* **Problem to work on**:
Extract the lines beginning at the one that holds "圖3 銅氨廢水折點加氯法的預(yù)處理工藝流程" and ending at the final line of the material below, keeping them exact and leaving out all pictures.

* **Information provided**:
# # # #

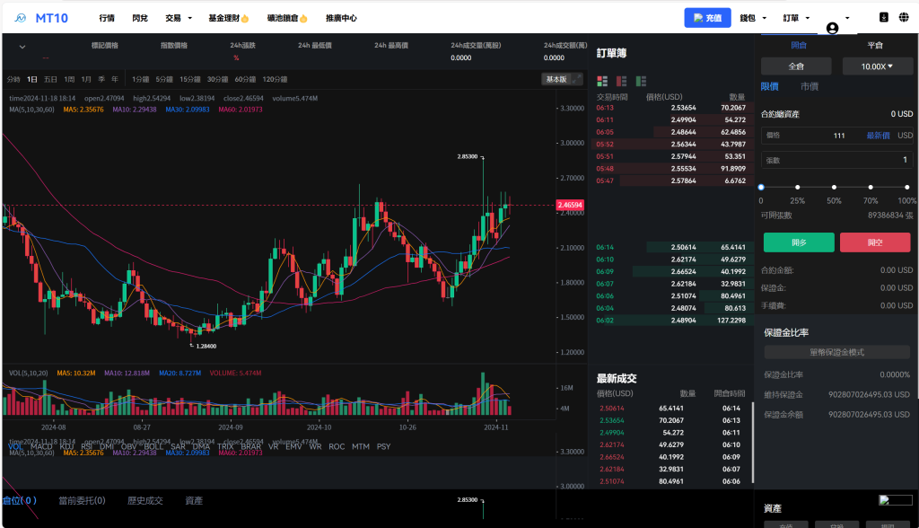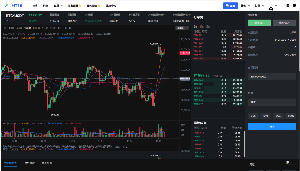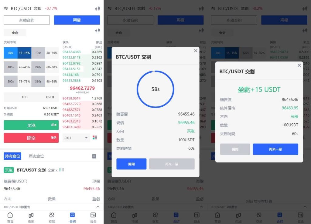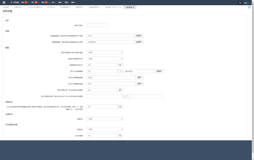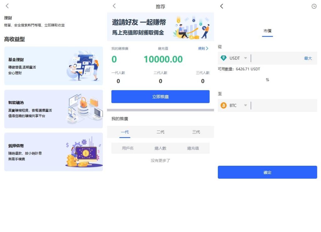 系统功能:币币交易、永续合约、期权交易、闪兑、理财、借币、邀请等功能
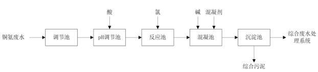 圖3 銅氨廢水折點加氯法的預(yù)處理工藝流程
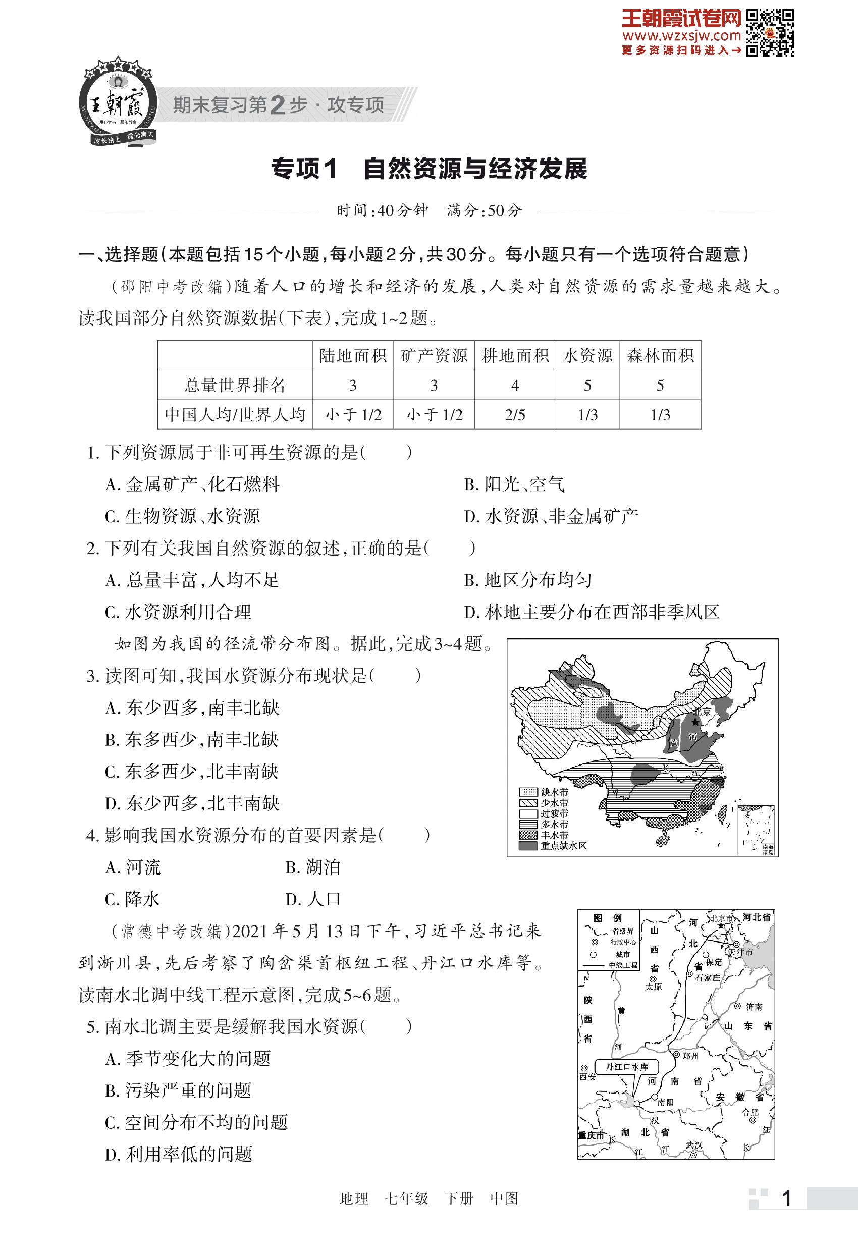 王朝霞期末专项卷——自然资源与经济发展七年级下册地理(中图版)【1】
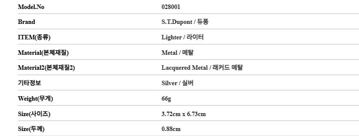 듀퐁 028001 (CA28001ZZ) 슬리미 실버 라이터

# # # #

* **Answer below**:
 圖3 銅氨廢水折點加氯法的預(yù)處理工藝流程
 王朝霞期末专项卷——自然资源与经济发展七年级下册地理(中图版)【1】
 듀퐁 028001 (CA28001ZZ) 슬리미 실버 라이터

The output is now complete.